**Data shown**.
■ ■ ■ ■ ■ ■ ■
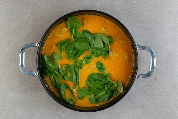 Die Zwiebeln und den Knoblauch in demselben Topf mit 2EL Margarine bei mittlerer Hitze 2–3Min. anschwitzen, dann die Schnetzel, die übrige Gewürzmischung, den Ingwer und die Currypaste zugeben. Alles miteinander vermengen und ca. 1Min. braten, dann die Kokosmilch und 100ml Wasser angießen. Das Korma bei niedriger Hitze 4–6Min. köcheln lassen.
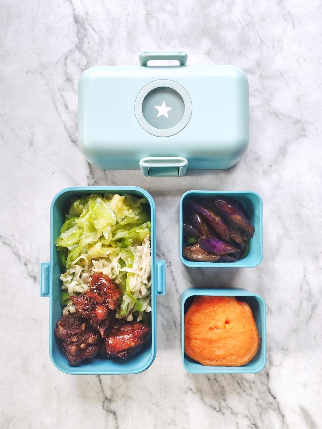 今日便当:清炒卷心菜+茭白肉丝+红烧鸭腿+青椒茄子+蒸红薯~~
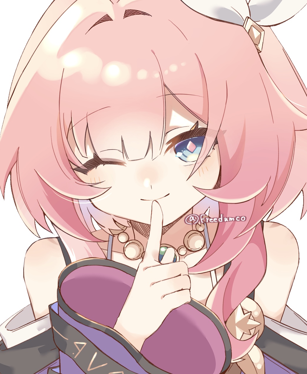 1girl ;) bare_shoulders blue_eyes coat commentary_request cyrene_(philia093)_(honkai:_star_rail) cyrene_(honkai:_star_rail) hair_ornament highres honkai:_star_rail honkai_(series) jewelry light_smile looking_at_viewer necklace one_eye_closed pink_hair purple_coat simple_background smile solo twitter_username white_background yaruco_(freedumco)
■ ■ ■ ■ ■ ■ ■
Write out the data above exactly, minus any images.

 Die Zwiebeln und den Knoblauch in demselben Topf mit 2EL Margarine bei mittlerer Hitze 2–3Min. anschwitzen, dann die Schnetzel, die übrige Gewürzmischung, den Ingwer und die Currypaste zugeben. Alles miteinander vermengen und ca. 1Min. braten, dann die Kokosmilch und 100ml Wasser angießen. Das Korma bei niedriger Hitze 4–6Min. köcheln lassen.
 今日便当:清炒卷心菜+茭白肉丝+红烧鸭腿+青椒茄子+蒸红薯~~
 1girl ;) bare_shoulders blue_eyes coat commentary_request cyrene_(philia093)_(honkai:_star_rail) cyrene_(honkai:_star_rail) hair_ornament highres honkai:_star_rail honkai_(series) jewelry light_smile looking_at_viewer necklace one_eye_closed pink_hair purple_coat simple_background smile solo twitter_username white_background yaruco_(freedumco)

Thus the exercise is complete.